A successful GC, in the eyes of most of the GCs we talked to, has to be influential. Their voice has to be heard, both formally and informally, at the highest levels of the company. They should aim to be seen not merely as someone with the same strategic ambition as other executives, but as someone whose advice is essential to the achievement of corporate strategy.
The ultimate expression of that aim is for the GC not just to influence management but to determine the direction, values and culture of the business alongside, or as part of, management. If the company is a ship and the CEO is its captain, deciding its destination, then the GC should aspire to be the navigator, familiar with the shoals and tides, and the capabilities of the ship and its crew, and able to plot a course that reflects the risks and rewards ahead.
Some GCs find this easier to achieve than others, not least because different corporate models tend to be conducive to different degrees of influence. At the simplest and most obvious level, GCs who work in an empowering corporate structure or culture have an advantage over those who do not.
Whatever the corporate structure, though, this ambition requires the CEO and the rest of the company’s senior management to accept the GC in that role and to allow them – whether formally or otherwise, consciously or not – that degree of influence. GCs need to be aware of boardroom and executive politics and of where power is concentrated.
It would be wrong to assume that one corporate model is necessarily better than another in this respect. There will always be variance between individual companies. Establishing best practice in different, complex corporate structures – with different business models in different sectors – is not straightforward.
But in any model, a virtuous circle exists. If a GC who has built strong relationship foundations with senior management is able to use their influence to deal effectively with significant challenges, or to realise opportunities, then their influence grows. And as their influence grows it is increasingly easy to perform that proactive role. It’s a virtuous circle of proactivity and influence.

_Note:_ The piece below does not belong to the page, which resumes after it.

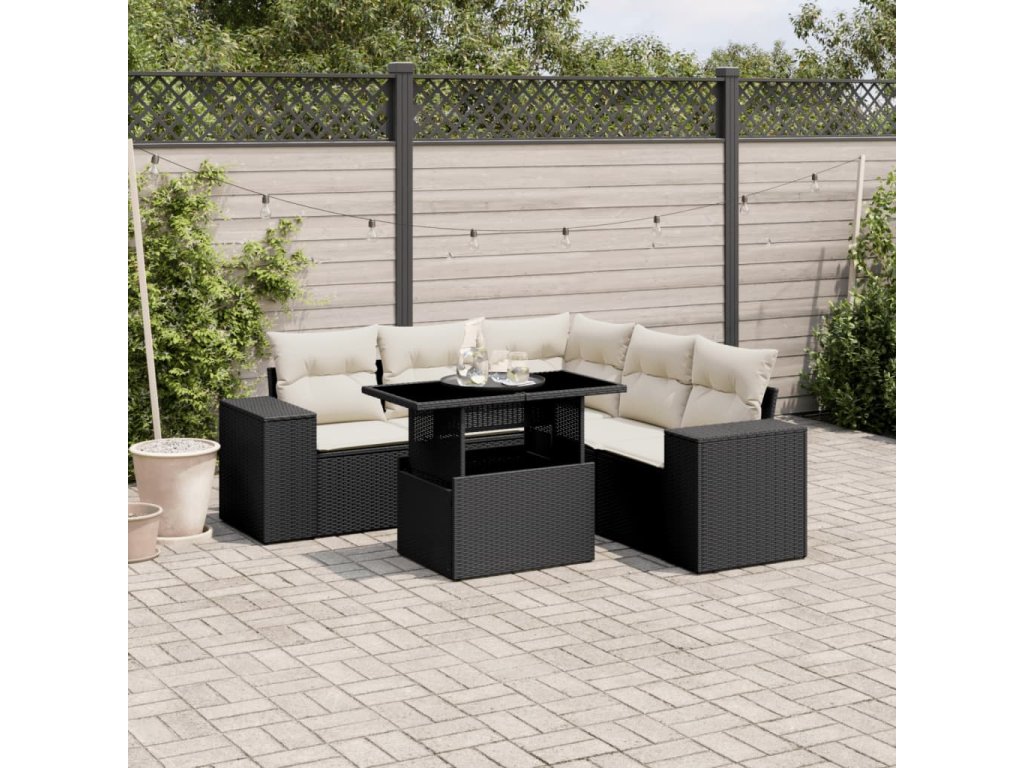 6dílná zahradní sedací souprava s poduškami černá polyratan 3269156

There is also, of course, the risk that a GC may find themselves in a non-virtuous circle of decline. If a GC establishes a degree of influence that is not backed up by their ability to deliver successfully (perhaps because of a lack of other skills), then that degree of influence will tend to be diminished over time. And the more it is diminished, the harder it will be for them to deliver successful outcomes.
In one sense these charts tell a positive story, with just over half of GCs enjoying more influence than they did when they took on their current role (or five years ago, for those who have been in post for longer).
Furthermore, most of the GCs in our survey believe they have strong influence at senior levels of their business. Looked at in a different way, though, the numbers suggest some weaknesses. More than one in eight of the GCs we surveyed believe their influence has actually decreased. And over one-third of GCs have retained their level of influence but have not been able to increase it. In a few cases (7%) that was because it was already at the highest level – but that still leaves over 40% of GCs who feel their influence at senior levels has either failed to increase or has diminished.